2. Crush the garlic cloves with the back of a large knife, attach to the onions, fry on both sides, remove and discard.

3. Cut the pumpkin into cubes, add to the onion, fry for a couple of minutes.

4. As soon as the vegetable releases enough juice, you can fall asleep washed rice. If there is no basmati variety, feel free to use another.

5. Sprinkle the dish with sweet ground paprika, which will give an extraordinary brightness. Salt and pepper.

6. Fill boiling water. Water should cover the contents of the pan.

7. We cover, bring rice and pumpkin to readiness. At the end of the risotto you need to mix, sprinkle with dried or fresh herbs.

Lenten risotto with green beans

For this dish you will need green beans, you can take frozen or fresh pods. In the second case, you will need to trim the tips, the rest crumble into slices of 3-4 centimeters.

Ingredients

• 200 g green beans;

• 200 grams of rice;

• 1 onion;

• 1 large pepper;

• 30 ml of oil;

• pepper, salt;

• 2 tomatoes;

• greens, garlic.

Cooking

1. Put the prepared green beans into boiling water, boil for five minutes. Drain into a colander, let excess water flow.

2. Fry the onions in the pan, as soon as the pieces become translucent, add the boiled beans to it. Fry together for a couple of minutes.

3. Fall asleep washed rice, continue to fry.

4. Cut the pepper, add to the pan.

5. Tomatoes are rubbed, or we remove the skin and we season with a blender. Add salt to it, pepper it, squeeze one or two cloves of garlic. Stir.

6. Pour the tomato into risotto. Stir.

7. Immediately add boiling water. To make the water covered rice and vegetables and a half centimeters.

8. Covering the pan, bring the dish to readiness on a small fire.

Lenten risotto with pears and honey (sweet version)

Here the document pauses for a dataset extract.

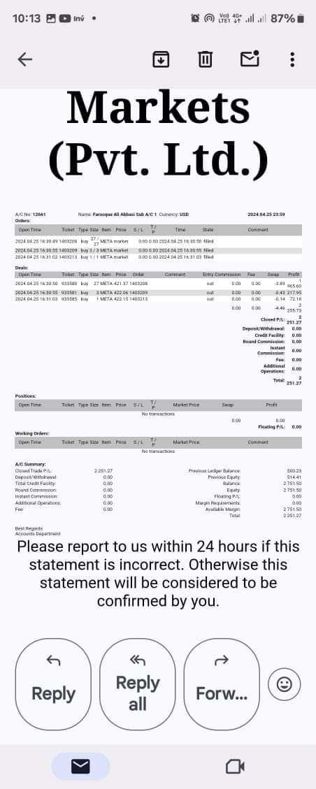 Subject: Review of Belleofx scammer Broker - my Mt5 Account No.12661 Dear Sir/Madam, I am writing to provide my review of the services provided by Belleofx scammer Broker. My name is Farooq Ali Abbasi, and I opened an account with Belleofx with the MT5 A/C No. . I2661 would like to bring to your attention an incident that has occurred with my account, which has led me to believe that Belleofx is a fraudulent broker. On 22th April, I deposited 504 USD into my account and opened a sell trade of 31 shares of US shares META Facebook. I made a profit of 2251 .96USD, and when I requested to withdraw my profits, so Belleofx scammer company canceled all of my profits and emailed me that I had done fraudulent trading. I fail to understand how trading based on speculation or news can be considered fraudulent. I made a profit, and when I asked for it, they refused to give it to me. If I make money, they refuse to give it to me, but if I lose money in a trade, they do not seem to care or ask. They offered me to return only my initial deposit. I would like to warn all retail traders to be cautious when trading with Belleofx scammer company. It appears that they run standalone servers that are not connected to exchanges. I am warning all readers be ware of this fraudulent broker. I am attentioning CEO of belleofx that your broker is doing scam with me, kindly return my profit, i didn't do any wrong, just do a normal trade in US share provided by your broker. If i loss with same strategy then will company compensate my loss ? I request all retail traders to withdraw their money from Belleofx scammer company sooner rather than later because, even if you make a profit, you will eventually lose your hard-earned money. I would appreciate your help in spreading the news about this incident so that others do not lose their money to this scammer broker. I have attached screenshots, proofs, videos, and screens to this email. I will be meeting with my lawyer this week to take action a

In the sweet version, risotto is no worse than in the salty classics. If desired, pears can be replaced with other fruits, but not too soft. The dish is delicious in hot and cold. Ingredients

• 2 spoons of unscented oil;

• 1 large pear;

• 2 spoons of honey;

• 2 tablespoons of walnuts;

• 2 spoons of raisins;

• 0.5 tsp. cinnamon

Cooking

1. Rinse the rice, put in the pan with one spoon of oil, fry until golden brown, pour 1.5 cups of boiling water, cover and bring almost to readiness.

2. Raise the raisins with hot water for ten minutes, then squeeze.

3. Pour the second spoonful of oil into another pan, set on fire.

4. We chop nuts. We spread in butter, begin to fry.

5. Quickly chop the pear into slices, but you can also make small cubes. Add to the nuts.

6. After a minute, lay out the raisins. Cook all together on medium heat for another three minutes.

7. Sprinkle cinnamon on top, stir and spread honey. We remove the fire to a minimum, stir.

8. Once all the honey is melted, soaked in pears, you can shift the sweet mass to the almost ready rice from the second pan.

9. Stir risotto, cover, turn off. Let it brew before serving 20-30 minutes.

Lean risotto - tips and tricks

• Risotto is not plov. If necessary, you can open the dish, stir it, pour boiling water or any broth into it.

• Italians prefer to fry rice in olive oil, but if the dish is not lean, then it tastes better on cream. You can use ghee.

• The best addition to lean risotto - a salad of fresh seasonal vegetables or tomato juice.

• Risotto can be cooked not only on the stove, but also in the slow cooker. Kitchen assistant perfectly cope with their task.